Days after the Australian Council of Trade Unions (ACTU) hit out at the Morrison government for not having a vision to reinvigorate the nation’s economy through a jobs-creation strategy, they unveiled one of their own on Monday.
Previously, Michele O’Neil, the ACTU’s national president, had attacked the government on its shortcomings over the JobTrainer scheme while citing its inactivity towards expanding the JobKeeper and JobSeeker programs, and two weeks after vowing themselves to provide the leadership on a jobs revival blueprint that the government has appeared lacking in its efforts to do, O’Neil and the ACTU have provided a thorough National Economic Reconstruction Plan (NERP) to attack the nation’s current unemployment crisis.

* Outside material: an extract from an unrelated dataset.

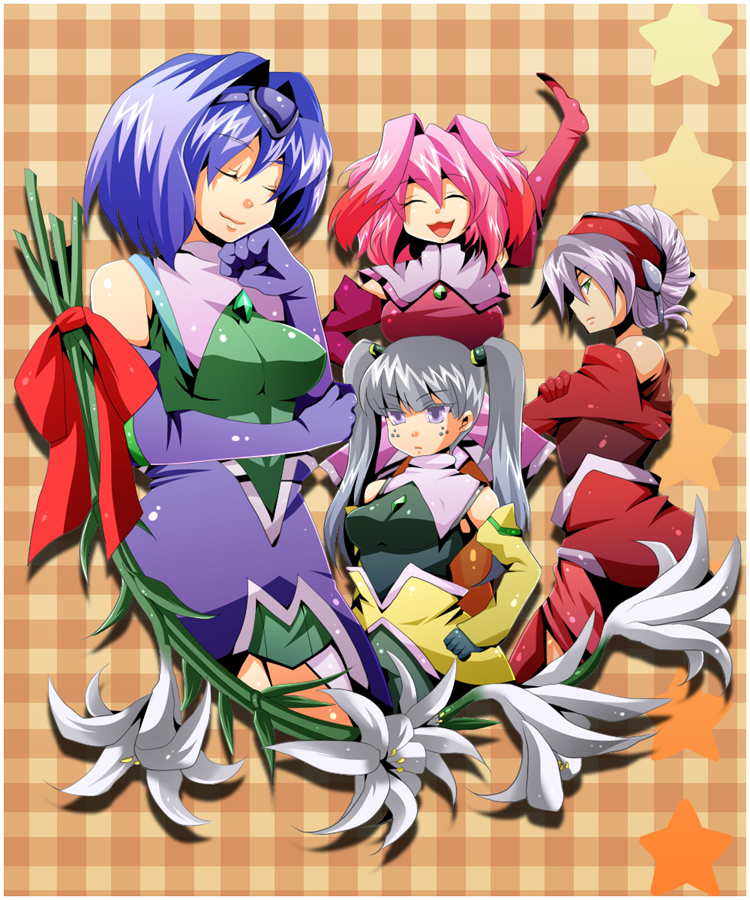 :d1boy4girlsarm upblushcheckered backgroundclosed eyesflowerhairbandjitomemultiple girlsopen mouthpink hairplantpurple hairshort hairsimple backgroundsmilespiked hairstar (symbol)twintails

With unemployment figures for the month of June revealed by the Australian Bureau of Statistics (ABS) last week at 7.4 per cent, O’Neil – in encouraging the Morrison government to pick up the ideals of the plan and run with it – sees her organization’s five-pronged NERP as one which is realistic as opposed to being aspirational.
“We need Government to put in place an ambitious and comprehensive National Economic Reconstruction plan to get the country back to work. Government must help build ongoing local jobs, more training and education opportunities to get people into jobs and provide support for people who are making things here in Australia,” O’Neil said in unveiling details of the NERP.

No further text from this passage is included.